シリアのアフマド・シャラア臨時大統領は、イスラエルがイラン侵攻を目的にシリア領空の航路を開放するよう求めたことについて「危険を招く」と強い反発を示した。
AFPとロイター通信の報道によると、米ニューヨークで23日(現地時間)に開かれた中東研究所(MEI)の行事に出席したシャラア臨時大統領は、「イスラエルが交渉を遅らせ、我々の領空を侵犯し、領土に侵入していることは、多くの危険を引き起こしている」と述べた。その上で「イスラエルとの問題をつくっているのは我々ではない。むしろ我々こそがイスラエルを恐れている」と語った。
イスラエルはこれに先立ち、シリア領空をイランへの航路として開放することや、シリア・ゴラン高原のヘルモン山頂にある基地にイスラエル軍を駐留させ続けることなどを盛り込んだ安保協定案を提示していた。
昨年12月、アサド政権が崩壊し14年間続いた内戦が終結すると、イスラエルは国連が管理するゴラン高原の緩衝地帯に侵入し、9カ所に基地を設置してシリアを攻撃してきた。シャラア臨時大統領によると、その後イスラエルはシリアに対して空爆を1,000回以上、地上侵攻を400回以上行ったという。

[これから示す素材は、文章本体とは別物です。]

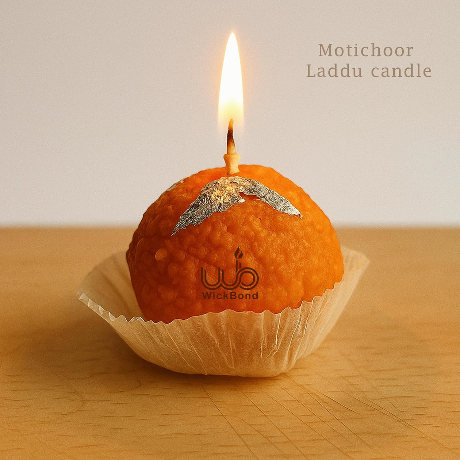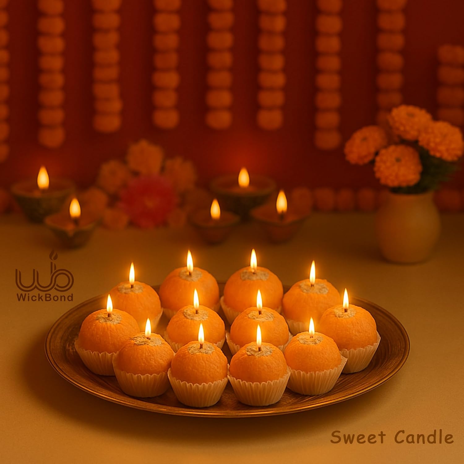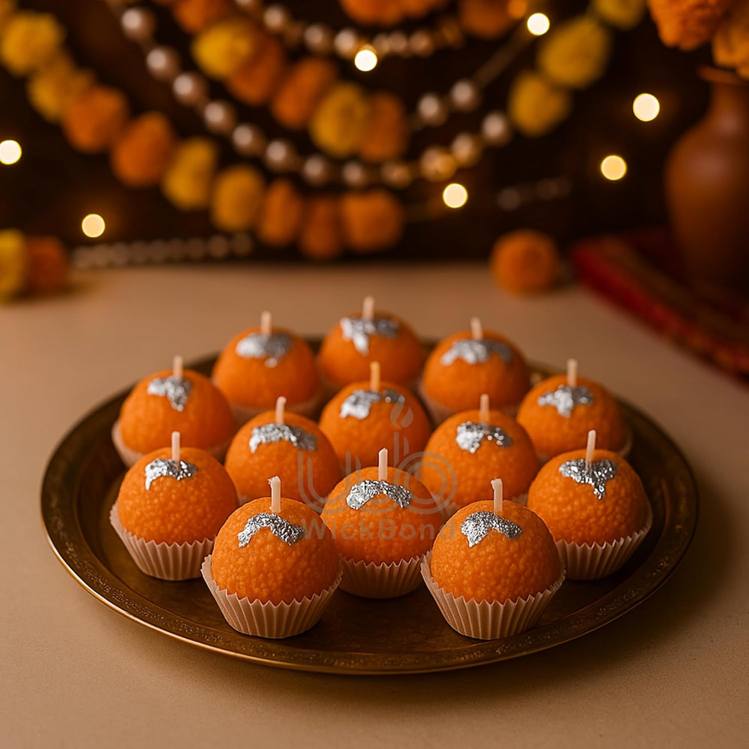 Samy Candle Cove Motichoor Ladoo Scented Candle | Handcrafted Soy Wax Sweet Aroma Candle for Diwali, Pooja, Gifting & Home Décor | Realistic Mithai Look | Set of 12

現在、シリアとイスラエルは緩衝地帯からのイスラエル軍撤収や、シリア国境地域に非武装地帯を設けることを柱とした安保協定を協議している。だがシャラア臨時大統領は、自国領土の分割要求を断固拒否した。「シリア分割の議論は、イラクとトルコにまで悪影響を及ぼすだろう」と警告した。
シリア北東部を掌握するクルド人勢力は国家への編入を拒み、クルド人の権利を認める新憲法を要求している。もしクルド人が領土を分割して独立国家を樹立すれば、イラクやトルコのクルド人も同様の要求を突きつけ、紛争を引き起こす可能性が高い。イスラエルも今年初め、シリアを民族・宗派ごとの自治区で構成する連邦国家に転換するよう欧州連合(EU)に働きかけていた。
ロイター通信は「イスラエルはシャラア臨時大統領の過去のジハード勢力との関係を指摘し、イスラム主義が主導するシリア政府に敵意を示しつつ、米国にシリアの弱体化と分権化の維持を働きかけてきた」と報じた。

トム・バラック米国特使(駐トルコ米国大使)は同日、国連総会の会場で記者団に対し、ドナルド・トランプ米大統領が国連総会の期間中にイスラエルとシリアの安保協定を締結し発表する計画だったが、協議が遅れていると明らかにした。バラック特使は「ユダヤ教の新年祭ロシュ・ハシャナと重なり、交渉を十分に進展させることができなかった」と説明し、「関係するすべての当事者が誠実に取り組んでいる」と述べた。
24日午前、シャラア臨時大統領は国連総会で演説する予定であり、シリア大統領の総会演説は1967年以来58年ぶりとなる。